= Problem requirements =
Everything from the line containing "1894 Norway 10" to the last line of the material below must be retyped exactly, both ends included; skip the pictures.

= Dataset extract =
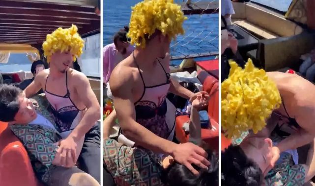Turistleri gezdiren bir tur teknesinden paylaşılan görüntülerde, 'önlük' giymiş bir erkeğin uygunsuz hareketler ve turistleri rahatsız eden davranışlar sergilediği görüldü.
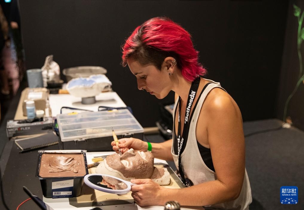 8月21日,一名女子在德国科隆举办的科隆国际游戏展上制作道具。
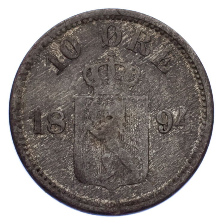 1894 Norway 10 Ore, Fine (F), KM#350, 0.400 silver (1,500,000)
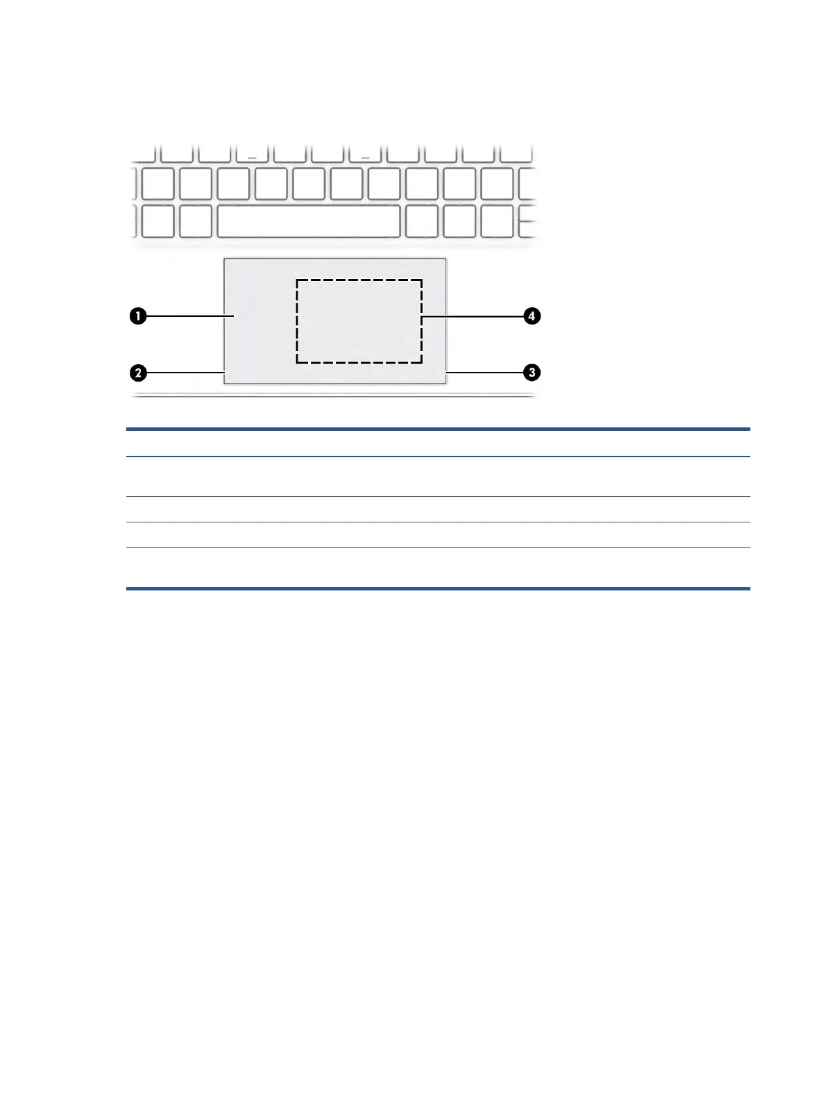 (1) Touchpad zone Reads your nger gestures to move the pointer or activate items on

= Result of the task =
 1894 Norway 10 Ore, Fine (F), KM#350, 0.400 silver (1,500,000)
 (1) Touchpad zone Reads your nger gestures to move the pointer or activate items on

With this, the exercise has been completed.